Details have emerged about a now-patched vulnerability in Microsoft 365 Copilot that could enable the theft of sensitive user information using a technique called ASCII smuggling.
“ASCII Smuggling is a novel technique that uses special Unicode characters that mirror ASCII but are actually not visible in the user interface,” security researcher Johann Rehberger said.
“This means that an attacker can have the [large language model] render, to the user, invisible data, and embed them within clickable hyperlinks. This technique basically stages the data for exfiltration!”
The entire attack strings together a number of attack methods to fashion them into a reliable exploit chain. This includes the following steps –
Trigger prompt injection via malicious content concealed in a document shared on the chat
Using a prompt injection payload to instruct Copilot to search for more emails and documents
Leveraging ASCII smuggling to entice the user into clicking on a link to exfiltrate valuable data to a third-party server
The net outcome of the attack is that sensitive data present in emails, including multi-factor authentication (MFA) codes, could be transmitted to an adversary-controlled server. Microsoft has since addressed the issues following responsible disclosure in January 2024.
The development comes as proof-of-concept (PoC) attacks have been demonstrated against Microsoft’s Copilot system to manipulate responses, exfiltrate private data, and dodge security protections, once again highlighting the need for monitoring risks in artificial intelligence (AI) tools.
The methods, detailed by Zenity, allow malicious actors to perform retrieval-augmented generation (RAG) poisoning and indirect prompt injection leading to remote code execution attacks that can fully control Microsoft Copilot and other AI apps. In a hypothetical attack scenario, an external hacker with code execution capabilities could trick Copilot into providing users with phishing pages.

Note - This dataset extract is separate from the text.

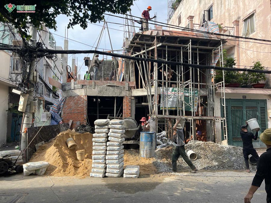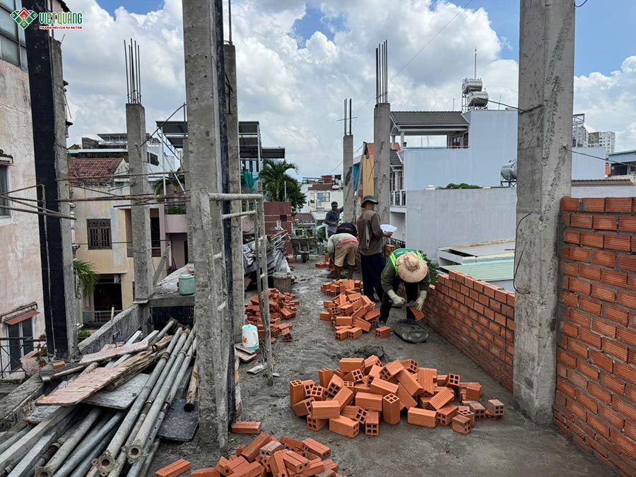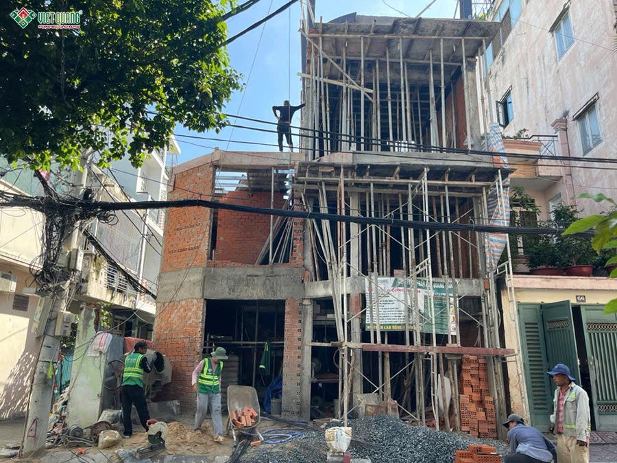 Hạng mục thi công xây dựng phần thô là giai đoạn hình hành “khung xương” vững chắc có vai trò nâng đỗ toàn bộ ngôi nhà 5 tầng. Ở giai đoạn này Việt Quang Group tập trung triển khai đồng bộ các công tác: Dựng cột, dầm sàn, bê tông cốt thép, xây tường bao, tường ngăn, thi công cầu thang và hệ kết cấu chịu lực cho từng tầng. Mỗi hạng mục điều được thực hiện theo đúng hồ sơ thiết kế kỹ thuật đảm bảo độ chính xác về cao độ, kích thước và liên kết kết cấu.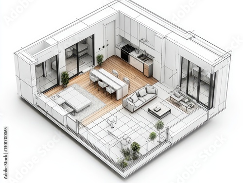 A modern, open-plan living space featuring a kitchen, dining area, and lounge, illustrated in a clean, minimalist design.

Perhaps one of the most novel attacks is the ability to turn the AI into a spear-phishing machine. The red-teaming technique, dubbed LOLCopilot, allows an attacker with access to a victim’s email account to send phishing messages mimicking the compromised users’ style.

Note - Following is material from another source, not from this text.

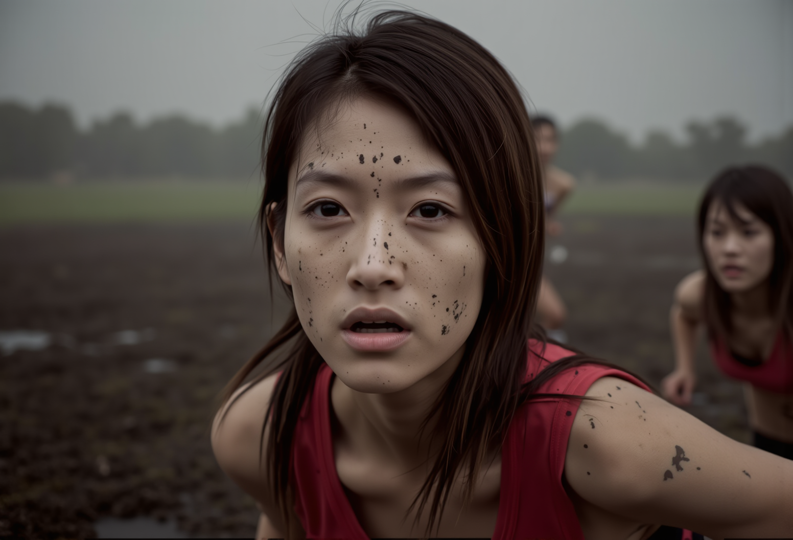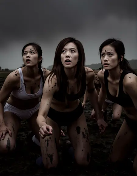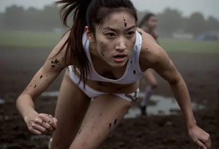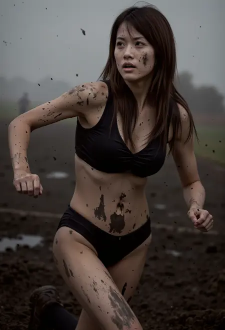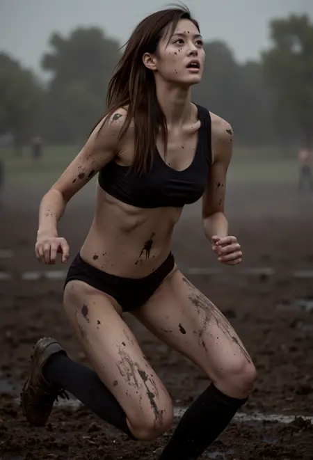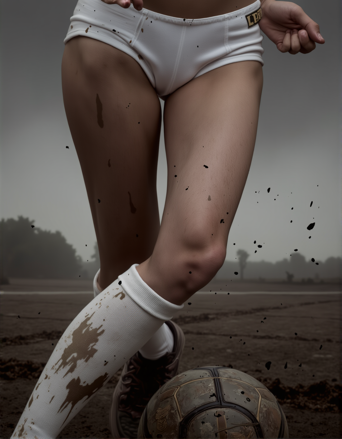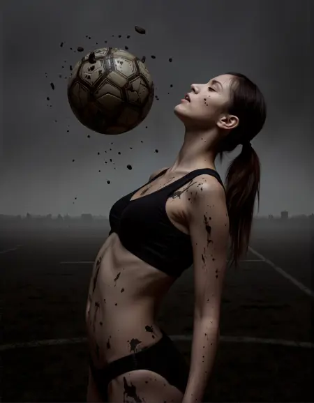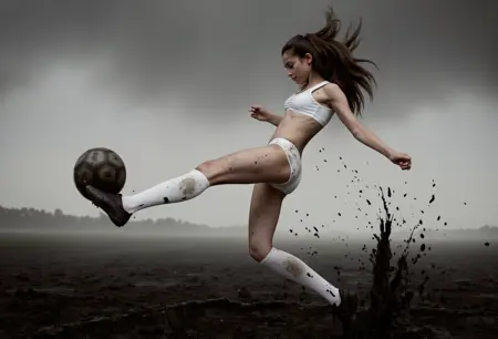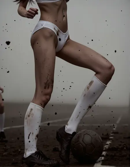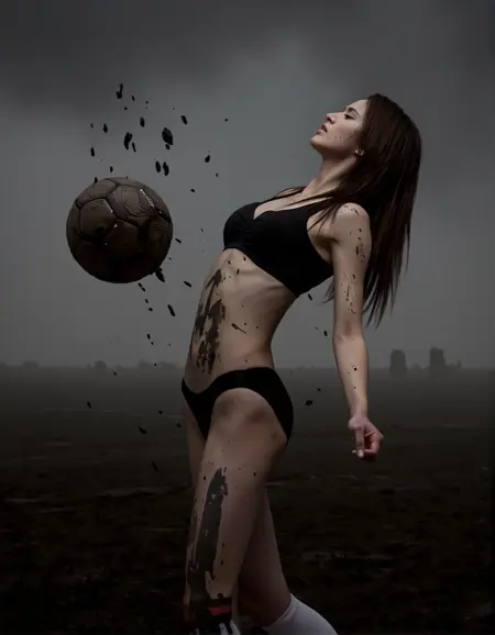 テーマは、霧の中の泥だらけのフィールドでビキニ姿でサッカーをするコーラン的(アジア的)な女性たちです。

Microsoft has also acknowledged that publicly exposed Copilot bots created using Microsoft Copilot Studio and lacking any authentication protections could be an avenue for threat actors to extract sensitive information, assuming they have prior knowledge of the Copilot name or URL.
“Enterprises should evaluate their risk tolerance and exposure to prevent data leaks from Copilots (formerly Power Virtual Agents), and enable Data Loss Prevention and other security controls accordingly to control creation and publication of Copilots,” Rehberger said.